The universe sends mysterious signals from all over the sky. We don’t really know what these are or what constitutes them; But a new analysis of where they come from gives us clues about the sources of the strange emissions we call fast radio bursts (FRBs).

An international team led by astronomer Kriti Sharma of the Caltech Institute conducted a census and determined that FRBs are most likely to come from galaxies with relatively young stellar populations. This is somewhat expected. What the researchers didn’t expect was that these galaxies would be quite large and contain many stars, which is actually quite rare.

This suggests that there may be something unusual in the way FRBs are produced.

We already have a pretty good idea of ​​what FRBs are. First, an explanation: This is a very strong but very brief emission of radio light, lasting from fractions of a millisecond to several seconds. They come from all over the sky, their sources millions to billions of light-years away, and they often appear to shine once and never shine again.

This makes them impossible to predict and difficult to track, but with extensive research we are getting better at spotting them and better identifying their host galaxies.

As for what these are, we pay attention to that as well. Spoiler alert: It’s not aliens. In contrast, the first FRB detected in the Milky Way in 2020 was associated with a magnetar, a type of neutron star with a magnetic field 1000 times stronger than a normal neutron star. Prolonged interaction between an object’s magnetic field and gravity can cause meteor showers, which send flashes of radio light into the sky.

Not all FRBs behave the same way, so it is possible to have more than one source type. Narrowing down the location of these sources gives us information about the environmental conditions that caused them, which helps us understand what they are.

In a new effort to detect and localize FRBs, Sharma and colleagues collected observations using a radio interferometer called the Deep Synoptic Array. They carefully examined the properties of 30 large FRB galaxies and determined that radio bursts typically originate from galaxies with young star populations.

This is not surprising if the FRB precursors are magnetars. Neutron stars are the collapsed cores of massive stars that become supernova through core collapse, and the lifespan of massive stars is shorter than that of smaller stars. Magnetars are young neutron stars, so we expect to find them in places where most stars are young and short-lived.

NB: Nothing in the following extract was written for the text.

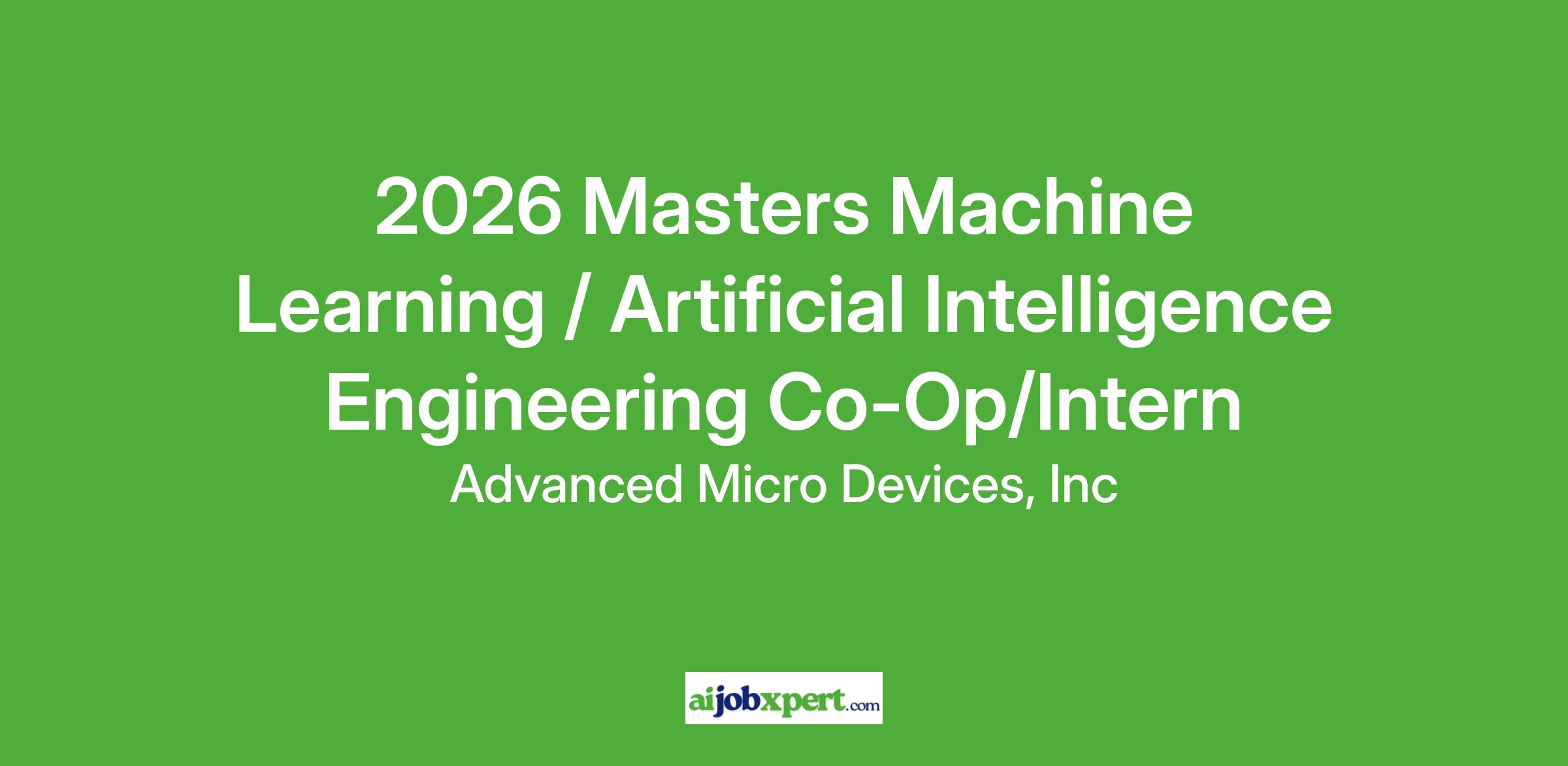 WHAT YOU DO AT AMD CHANGES EVERYTHING At AMD, our mission is to build great products that accelerate next-generation computing experiences – from AI and data centers, to PCs, gaming and embedded systems. Grounded in a culture of innovation and collaboration, we believe real progress comes from bold ideas, human ingenuity and a shared passion to create something extraordinary. When you join AMD, you’ll discover the real differentiator is our culture. We push the limits of innovation to solve the world’s most important challenges—striving for execution excellence, while being direct, humble, collaborative, and inclusive of diverse perspectives. Join us as we shape the future of AI and beyond. Together, we advance your career. As an AMD Co-op, you’ll be placed at the epicenter of the AI ecosystem, working alongside experts and industry pioneers. You’ll do important work, learn new skills, expand your network, and gain real-world experience on projects that impact millions of end-users worldwide. Whether you’re an undergrad or a PhD student, your contributions matter—and your experience here will be a launchpad for what comes next. JOB DETAILS: Location: San Jose, CA or Santa Clara, CA Onsite/Hybrid: This role requires the student to work full time (40 hours a week), in either a hybrid or onsite work structure throughout the duration of the co-op/intern term Duration: Spring/Summer Co-op: January 26, 2026 - August 7, 2026 Summer/Fall Co-op: May 18, 2026 - December 11, 2026 or June 22, 2026 - December 11, 2026 Spring Internship: January 26, 2026 – May 1, 2026 Summer Internship: May 18, 2026 - August 7, 2026 or June 22, 2026 – September 11, 2026 Fall Internship: September 14, 2026 – December 11, 2026 WHAT YOU WILL BE DOING: We are seeking a highly motivated Machine Learning (ML)/ Artificial Intelligence (AI) intern/co-op to join our team and participate in research and development of next-generation product differentiation features with extraordinary ML/AI engineers. In this role – We will help you learn innovative new technologies in Machine Learning | AI | High Performance Compute We will train you to analyze and implement changes to algorithms to improve AI performance and user experiences We may assign you to one or more of the following project work - Work on machine learning techniques to build applications for source code analysis and Image Corruption Detection Research, development, and deployment in machine learning-based and computer vision products on AMD’s current and future products Fixing and addressing problems with deployed AI to improve user experience Support AI software teams with roadmap planning, collateral development, and customer engagements WHO WE ARE LOOKING FOR: You are currently enrolled in a US based University in a Master's degree program majoring in computer science, computer engineering, data science / analytics, or a related field If you have knowledge / experience with any of the following technical skills (or related areas) and are enthusiastic about this role, we strongly encourage you to apply – Machine learning, data science, computer vision, statistics, and mathematics Programming in Python, C/C++ Relational (SQL) and no-SQL databases Machine learning algorithms and frameworks Deep learning / AI framework like Pytorch, Tensorflow, Caffe. Familiarity with cloud (e.g., AWS, GCP, Azure) Note: By submitting your application, you are indicating your interest in AMD intern positions. We are recruiting for multiple positions, and if your experience aligns with any of our intern opportunities, a recruiter will contact you. Benefits offered are described: AMD benefits at a glance. AMD does not accept unsolicited resumes from headhunters, recruitment agencies, or fee-based recruitment services. AMD and its subsidiaries are equal opportunity, inclusive employers and will consider all applicants without regard to age, ancestry, color, marital status, medical condition, mental or physical disability, national origin, race, religion, political and/or third-party affiliation, sex, pregnancy, sexual orientation, gender identity, military or veteran status, or any other characteristic protected by law. We encourage applications from all qualified candidates and will accommodate applicants’ needs under the respective laws throughout all stages of the recruitment and selection process.As an AMD Co-op, you’ll be placed at the epicenter of the AI ecosystem, working alongside experts and industry pioneers. You’ll do important work, learn new skills, expand your network, and gain real-world experience on projects that impact millions of end-users worldwide. Whether you’re an undergrad or a PhD student, your contributions matter—and your experience here will be a launchpad for what comes next. JOB DETAILS: Location: San Jose, CA or Santa Clara, CA Onsite/Hybrid: This role requires the student to work full time (40 hours a week), in either a hybrid or onsite work structure throughout the duration of the co-op/intern term Duration: Spring/Summer Co-op: January 26, 2026 - August 7, 2026 Summer/Fall Co-op: May 18, 2026 - December 11, 2026 or June 22, 2026 - December 11, 2026 Spring Internship: January 26, 2026 – May 1, 2026 Summer Internship: May 18, 2026 - August 7, 2026 or June 22, 2026 – September 11, 2026 Fall Internship: September 14, 2026 – December 11, 2026 WHAT YOU WILL BE DOING: We are seeking a highly motivated Machine Learning (ML)/ Artificial Intelligence (AI) intern/co-op to join our team and participate in research and development of next-generation product differentiation features with extraordinary ML/AI engineers. In this role – We will help you learn innovative new technologies in Machine Learning | AI | High Performance Compute We will train you to analyze and implement changes to algorithms to improve AI performance and user experiences We may assign you to one or more of the following project work - Work on machine l

Although some FRBs have been previously detected in old stellar populations and low-mass galaxies, the team’s analysis found that the most common precursors are high-mass galaxies with young stars. This suggests that massive young stellar environments are important for the formation of FRB precursors; If it weren’t, we’d see a wider distribution of galaxy types.

The reason for this is unknown, but researchers believe the metallic structure of these massive star-forming galaxies may play a role. Massive galaxies tend to have much higher metal contents and form heavier stars than less massive galaxies.

But there is another problem. Supernova core collapses occur at a rate similar to the rate of star formation in the universe. If FRB-producing magnetars form in this way, the FRB distribution should be generally consistent with the distribution of collapsing supernovae, even for low-mass galaxies, but this is not the case. This suggests that core collapse magnetars are not the main progenitor of FRBs.

The team ran simulations and found a solution. FRB-emitting magnetars can be formed by the merger of binary stars. This is more likely in environments with larger stars, such as the galaxies the researchers identified.

We still don’t have a complete explanation for the origin of FRBs, but the research greatly strengthens the case for magnetars and suggests that special conditions play a role in the formation of these magnetars.

Studies of FRBs are still ongoing, but astronomers are constantly discovering new, strange signals. The more we find, the more data we can collect to solve the mystery of the origin of FRBs. This is an incredibly exciting time to be alive and studying the stars. The study was published on: Nature.